Some have had success diplexing in broadband only with low pass filters, but the digital cable channels are almost certainly going to interfere with DISH Network and vice versa.
 
No. Comcast occupies most all of the bandwidth.

Some have had success diplexing in broadband only with low pass filters, but the digital cable channels are almost certainly going to interfere with DISH Network and vice versa.

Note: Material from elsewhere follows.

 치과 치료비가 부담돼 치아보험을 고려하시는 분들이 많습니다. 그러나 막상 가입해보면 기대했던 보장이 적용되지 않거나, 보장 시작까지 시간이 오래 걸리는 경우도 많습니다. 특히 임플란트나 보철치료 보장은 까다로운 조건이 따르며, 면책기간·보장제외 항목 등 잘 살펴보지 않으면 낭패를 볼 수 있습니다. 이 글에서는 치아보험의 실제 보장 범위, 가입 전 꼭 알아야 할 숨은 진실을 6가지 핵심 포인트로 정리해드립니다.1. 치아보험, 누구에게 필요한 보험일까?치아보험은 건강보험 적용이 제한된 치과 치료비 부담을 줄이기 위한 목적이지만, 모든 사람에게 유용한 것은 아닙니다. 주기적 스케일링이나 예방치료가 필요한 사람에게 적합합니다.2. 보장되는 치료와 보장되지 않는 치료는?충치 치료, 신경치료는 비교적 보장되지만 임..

I actually have Comcast Internet and the satellite signal on one cable and never had problems with it. As far as the digital cable channels, the highest frequency I think it's 1000 Mhz and satellite signal starts at 950 Mhz. Depending on his cable system, he might have problems with a few channels.
 
Randall,

Do you need to buy a diplexer for this? Or just ask the installation guy to split the cable, so one go to cable modem, other go to dish receiver, should work?
 
I actually have Comcast Internet and the satellite signal on one cable and never had problems with it. As far as the digital cable channels, the highest frequency I think it's 1000 Mhz and satellite signal starts at 950 Mhz. Depending on his cable system, he might have problems with a few channels.
Diplexers will typically whack everything above 900MHz which may cheat you out of some cable channels. My local Comcast appears to have signals upwards of 1.3GHz on the cable. Its their cable and they can stuff whatever they want, wherever they want be it TV, data or phone. As they add more services, they will almost certainly consume more bands.

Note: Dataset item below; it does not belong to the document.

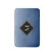 Capture attention with this elegant and stylish blue and black monogram bathmat. This simple and sophisticated brushed gradient design with a modern diamond shaped frame with a gold border can be personalised by adding your monogrammed initial. Flat printed image, NOT metallic.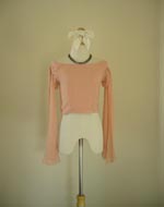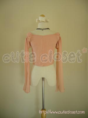 เสื้อ crop เปิดไหล่ตกแต่งโบว์ช่วงแขนผ้าชีฟองเนื้อทรายสีชมพูนู้ดสวย

The DOCSIS 3.0 specification includes downlink frequencies to 1.008GHz (though a modem will usually negotiate something lower).
 
I have my cable modem at home, is there anyway to know which frequency it operates on?

Most modems have the diagnostics page at 192.168.1.100. Open your browser and type the IP and see if it connects.

My cable system doesn't go too high, I can't remember the exact frequency but it's in the 700 Mhz range for download and 60 Mhz for upload.

Diplexers will typically whack everything above 900MHz which may cheat you out of some cable channels.